Considering the infinite series $\sum_{n=1}^{\infty}{\frac{\sin(nx)}n}$ , I can show that it is not convergent uniformly by Cauchy's criterion and that it is convergent for every $x$ by Dirichlet's test. But I don't know how to judge whether it is continuous.
Could you tell me the answer and why? Thank you in advance!

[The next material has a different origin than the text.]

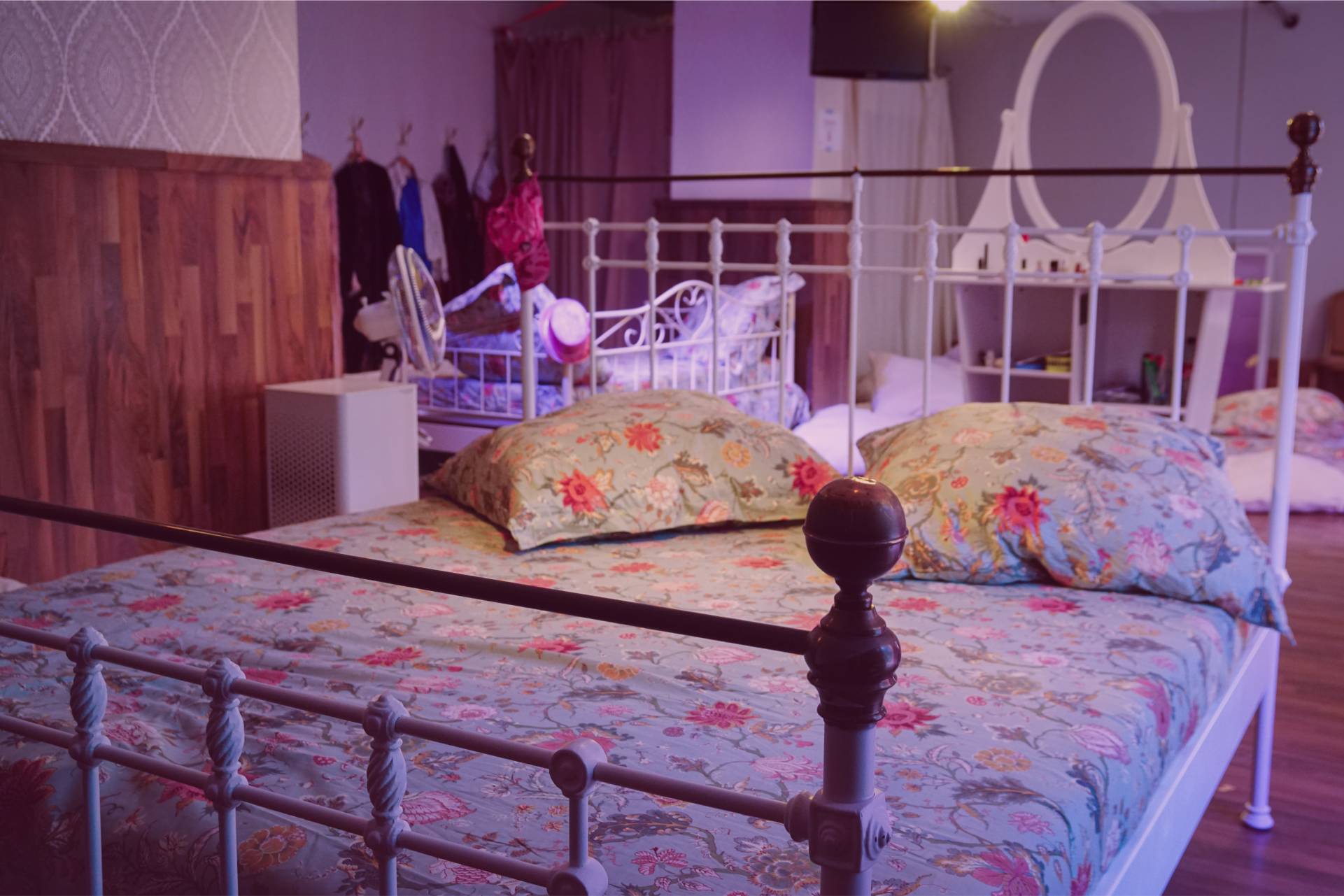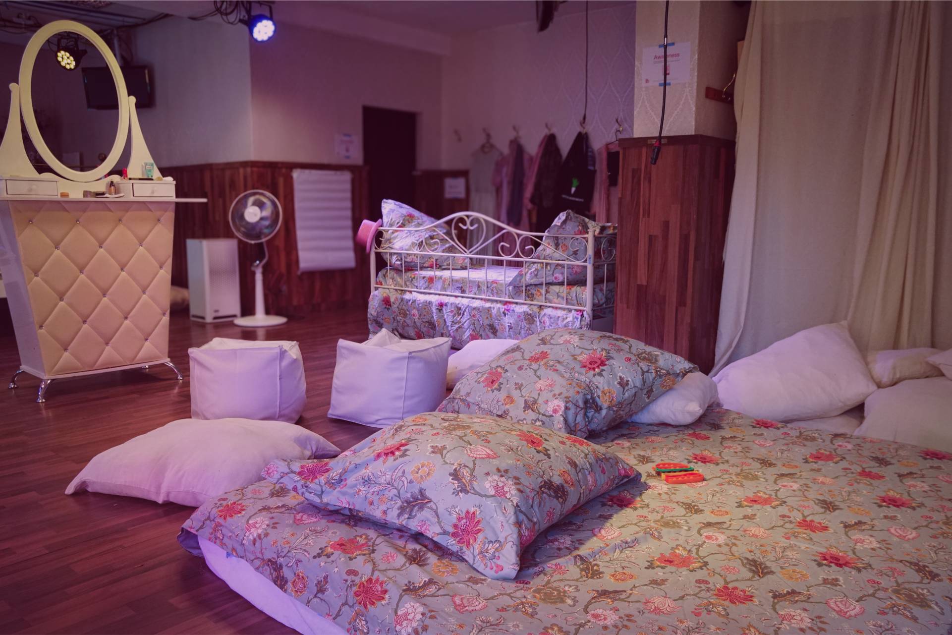 The ‘bedroom’ was furnished with three double beds surrounding a large dressing table. The room had a personal, intimate feel and was filled with personal items such as makeup and clothing of the dialog leaders. This setting encouraged discussions about general political strategies that remained both open and private thanks to the close proximity between participants.

To inspect the discontinuity of the summation, let's calculate the sum. By the Abel's theorem,
$$ f(x) := \sum_{n=1}^{\infty} \frac{\sin nx}{n} = \lim_{s\to 0^{+}} \sum_{n=1}^{\infty} \frac{\sin nx}{n} e^{-ns}. $$
By utilizing Taylor expansion of the logarithm,
\begin{align*} \sum_{n=1}^{\infty} \frac{\sin nx}{n} e^{-ns} &= \Im \sum_{n=1}^{\infty} \frac{e^{n(ix-s)}}{n} = - \Im \log (1 - e^{ix-s}) \\ &= -\Im \log (1 - e^{-s}\cos x - ie^{-s}\sin x) \\ &= \arctan \left(\frac{e^{-s}\sin x}{1 - e^{-s}\cos x}\right). \end{align*}
Thus taking $s \to 0^{+},$
$$ f(x) = \arctan \left(\frac{\sin x}{1 - \cos x}\right) = \arctan \left(\cot \frac{x}{2}\right) = \arctan \left(\tan \frac{\pi-x}{2}\right). $$
Therefore
$$ f(x) = \begin{cases} \frac{\pi - x}{2} & x \in (0, 2\pi),\\ 0 & x = 0, \\ f(x+2\pi), & x \in \Bbb{R}. \end{cases} $$
This shows a clear-cut jump discontinuity at each $x \in 2\pi \Bbb{Z}$.
Another way to prove that $\sum_{n\geq 1}\frac{\sin(nx)}{n}$ is discontinuous at the origin (and so at every element of $2\pi\mathbb{Z}$).
If $f(x)$ is a bounded function and $\lim_{x\to 0^+}f(x)$ does exist, it equals $\lim_{m\to +\infty}\int_{0}^{+\infty} f(x)m e^{-mx}\,dx $ (approximation of the identity). Due to
$$ \int_{0}^{+\infty}\sin(nx)m e^{-mx}\,dx = \frac{m n}{m^2+n^2} $$
we have
$$ \lim_{x\to 0^+}\sum_{n\geq 1}\frac{\sin(nx)}{n} = \lim_{m\to +\infty}\sum_{n\geq 1}\frac{m}{m^2+n^2} $$
and by Riemann sums the RHS of the last line equals $\int_{0}^{+\infty}\frac{dx}{x^2+1}=\frac{\pi}{2}\neq 0$.